On Mon, Apr 24, 2017 at 2:00 PM, Chris Barker <chris.barker at noaa.gov> wrote:
>
> On Mon, Apr 24, 2017 at 11:36 AM, Robert Kern <robert.kern at gmail.com>
wrote:

>> Solve the HDF5 problem (i.e. fixed-length UTF-8 strings)
>
> I agree-- binary compatibility with utf-8 is a core use case -- though is
it so bad to go through python's encoding/decoding machinery to so it? Do
numpy arrays HAVE to be storing utf-8 natively?

If the point is to have an array that transparently accepts/yields
`unicode/str` scalars while maintaining the in-memory encoding, yes. If
that's not the point, then IMO the status quo is fine, and *no* new dtypes
should be added, just maybe some utility functions to convert between the
bytes-ish arrays and the Unicode-holding arrays (which was one of my
proposals). I am mostly happy to live in a world where I read in data as
bytes-ish arrays, decode into `object` arrays holding `unicode/str`
objects, do my manipulations, then encode the array into a bytes-ish array
to give to the C API or file format.

>> or leave it be until someone else is willing to solve that problem. I
don't think we're at the bikeshedding stage yet; we're still disagreeing
about fundamental requirements.
>
> yeah -- though I've seen projects get stuck in the sorting out what to
do, so nothing gets done stage before -- I don't want Julian to get too
frustrated and end up doing nothing.

I understand, but not all tedious discussions that have not yet achieved
consensus are bikeshedding to be cut short. We couldn't really decide what
to do back in the pre-1.0 days, too, so we just did *something*, and that
something is now the very situation that Julian has a problem with.

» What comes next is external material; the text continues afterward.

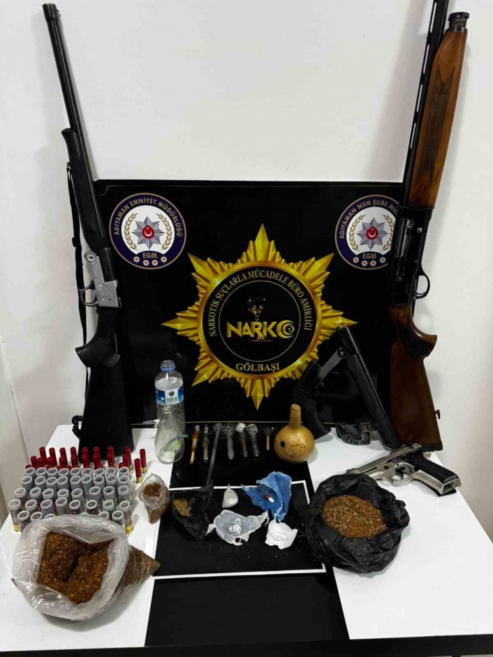 Adıyamanın Gölbaşı ilçesinde düzenlenen operasyonda uyuşturucu madde, silah ve fişek ele geçirildi, 3 kişi gözaltına alındı.

We have more experience now, especially with the added wrinkles of Python
3; other projects have advanced and matured their Unicode string
array-handling (e.g. pandas and HDF5); now is a great time to have a real
discussion about what we *need* before we make decisions about what we
should *do*.

> So here I'll lay out what I think are the fundamental requirements:
>
> 1) The default behaviour for numpy arrays of strings is compatible with
Python3's string model: i.e. fully unicode supporting, and with a character
oriented interface. i.e. if you do:
>
> arr = np.array(("this", "that",))
>
> you get an array that can store ANY unicode string with 4 or less
characters
>
> and arr[1] will return a native Python string object.
>
> 2) There be some way to store mostly ascii-compatible strings in a single
byte-per-character array -- so not be wasting space for "typical
european-oriented data".
>
> arr = np.array(("this", "that",), dtype=np.single_byte_string)
>
> (name TBD)
>
> and arr[1] would return a python string.
>
> attempting to put in a not-compatible with the encoding string in would
raise an Encoding Error.
>
> I highly recommend that (SO 8859-15 ( latin-9 or latin-1)  be the
encoding in this case.
>
> 3) There be a dtype that could store strings in null-terminated utf-8
binary format -- for interchange with other systems (netcdf, HDF, others???)
>
> 4) a fixed length bytes dtype -- pretty much what 'S' is now under python
three -- settable from a bytes or bytearray object, and returns a bytes
object.
>  - you could use astype() to convert between bytes and a specified
encoding with no change in binary representation.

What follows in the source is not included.